*** Opening Data extract ***

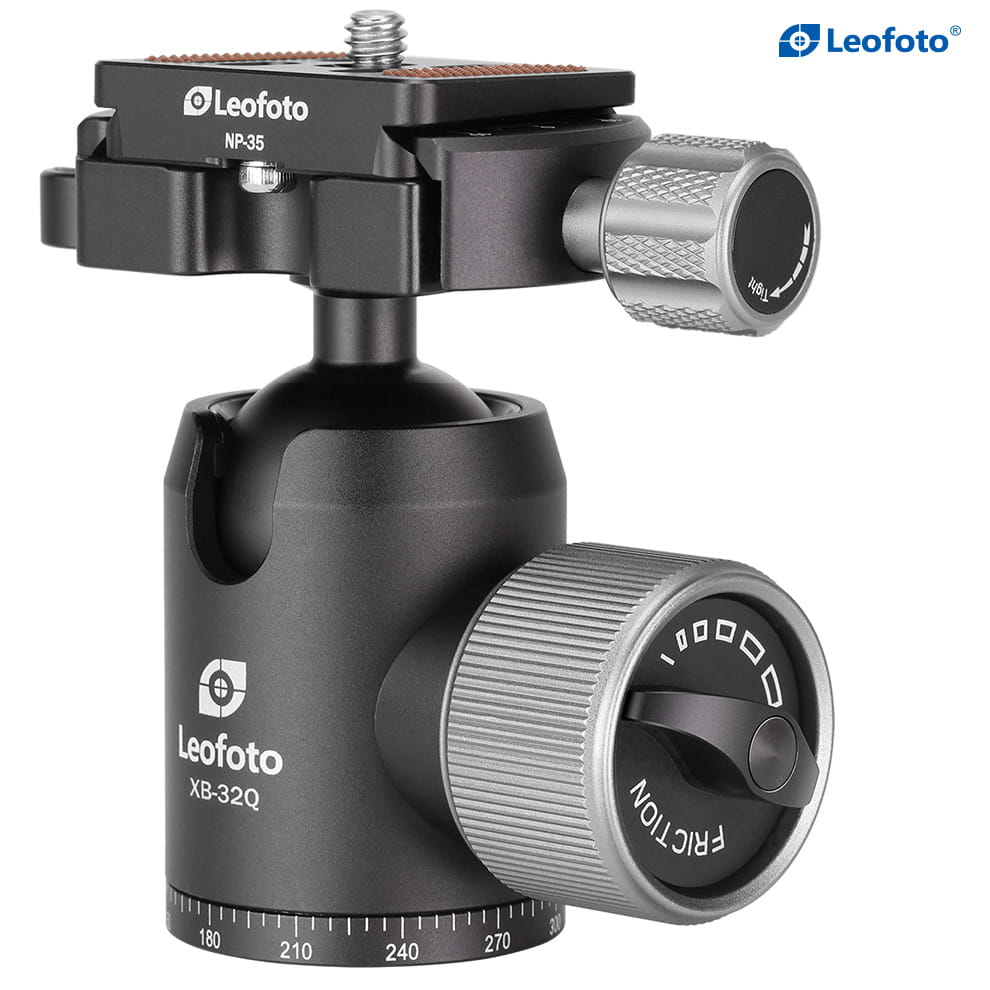 Leofoto XB-32Q to głowica kulowa klasy premium z płynną kulą o średnicy 32 mm, obracaną podstawą i niezależnymi pokrętłami do blokady ruchu oraz regulacji oporu.
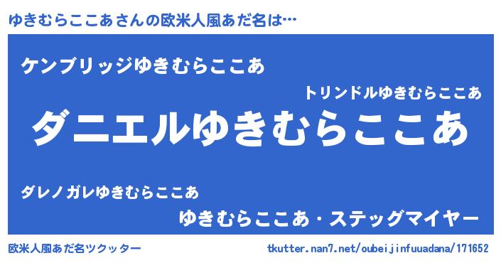 | 女子向けラノベタイトル風あだ名 | 『ゆきむらここあ夫妻のなれそめ』 |
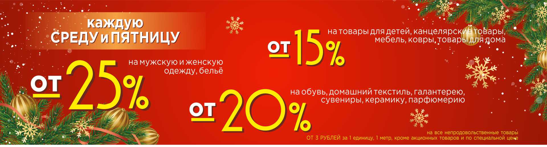 А чтобы предложения были еще более привлекательными, каждую среду и пятницу у нас действуют отличные скидки: начиная от 25% на мужскую и женскую одежду, белье, и от 20% на обувь, домашний текстиль, галантерею, сувениры, керамику и даже парфюмерию. Если у вас есть дети, то обратите внимание на товары для них - вы сможете приобрести их со скидкой от 15%. А для тех, кто любит творчество или нуждается в офисных принадлежностях, у нас есть скидки от 15% на канцелярские товары. Также не забывайте про мебель, ковры и товары для дома - на них действует скидка от 15%.

*** Closing Data extract ***

Up to and including the line with "女子向けラノベタイトル風あだ名 | 『ゆきむらここあ夫妻のなれそめ』 |", copy the data above from its first line. Skip pictures.

Result below –
 Leofoto XB-32Q to głowica kulowa klasy premium z płynną kulą o średnicy 32 mm, obracaną podstawą i niezależnymi pokrętłami do blokady ruchu oraz regulacji oporu.
 | 女子向けラノベタイトル風あだ名 | 『ゆきむらここあ夫妻のなれそめ』 |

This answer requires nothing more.